Annual tax phishing season: still no one has learnt

23rd July 2014

With tax filing season upon us, the annual tax-related cyber fraud feeding frenzy has begun, warns Fortinet. “The Receiver of Revenue, financial institutions and security firms have been issuing the same warnings every tax season for years. Amazingly, nothing has changed and people are still being defrauded during tax filing season,” says Jonas Thulin, Security Consultant at Fortinet. “It’s the same story every year – with tax season come fraud and phishing scams. The problem is not going away. On the contrary, we see more and more of it taking place,” says Thulin. Thulin references a long list of recent warnings posted on the SA Revenue Service’s e-filing site. In a section dedicated to fraud and cyber-crime, SARS warns of numerous phishing mails and attempts to defraud taxpayers. These range from emails falsely advising of a refund, to mails purporting to come from banks, asking recipients to confirm their bank details for tax purposes.

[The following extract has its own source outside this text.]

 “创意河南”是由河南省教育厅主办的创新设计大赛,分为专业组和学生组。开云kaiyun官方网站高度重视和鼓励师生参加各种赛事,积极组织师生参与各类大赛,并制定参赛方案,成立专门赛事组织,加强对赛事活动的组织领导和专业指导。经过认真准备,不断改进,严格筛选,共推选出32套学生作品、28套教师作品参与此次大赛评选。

“Because so many more people are online now, and accessing the internet from a range of unsecured mobile devices, the attack surface is much larger than it was a few years ago,” says Thulin. “SARS and South African financial institutions have tightened their own security and all of them use strong authentication tools, yet every year we see many people caught by phishing scams.”

Thulin notes that the simplest scam requires people to click through to a link mailed to them, where they are asked to fill in their user names, passwords or other personal details. The losses suffered can be twofold – scammers could empty out their victims’ bank accounts in a once-off raid, or they could steal their identity and go on to take out loans and transact in the victim’s name, resulting in longer-term and bigger financial losses.

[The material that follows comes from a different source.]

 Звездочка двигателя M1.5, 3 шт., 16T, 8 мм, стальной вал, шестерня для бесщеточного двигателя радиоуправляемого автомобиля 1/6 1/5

Phishing attacks against companies are also growing, he says. While most companies try to exercise care in mitigating fraud losses, tax filing season is a busy time and apparently legitimate emails from SARS could result in serious losses. “A company might receive a fraudulent mail advising that a tax payment is overdue, with the details of the account to where the funds should be paid. The busy accounts department sends the account through for processing without realising that the account details are not those of the intended recipient, for example.”

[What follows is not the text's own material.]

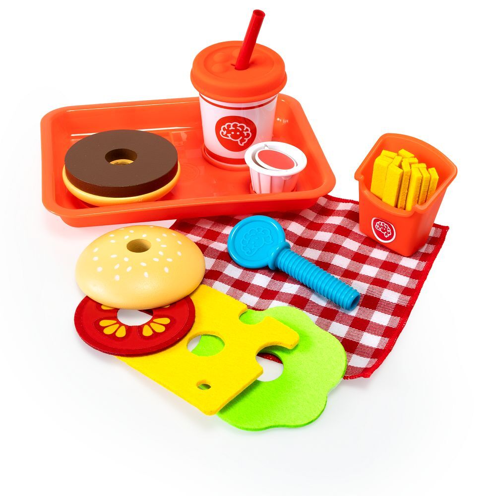 - Includes burger (2 buns, cheese, lettuce, hamburger, tomato), drink cup with lid and straw, toothpick screw, 12 felt fries, fry box, sauce cup with reversible top, tray

Fraud can also be carried out using simple SMSes, warns Thulin. “Financial institutions often use a range of numbers for contacting customers, so it is difficult for customers to be sure if an SMS comes from their bank. You might receive an SMS claiming to be from your bank’s fraud department, asking you to call a particular number to verify a purchase made on your credit card. When you call the number, you’ll happily hand over your personal details without realising you are in fact handing this information to fraudsters.”

Thulin says end-user education and constant vigilance, in tandem with next generation security measures, are the only way to avoid falling victim to this kind of fraud. “With little recourse available, end users need to stay alert and be aware that they should never click through to a link sent to them by SARS or their bank.” Thulin says he goes so far as to use separate browsers for transacting and web browsing, in a bid to add an additional layer of security to his online transactions. “A lot of malicious work is possible on the actual browser, so many attacks happen right on the browser. It is much harder to get an executable onto laptop to install keystroke logger in background, but of course, it is not impossible,” he says.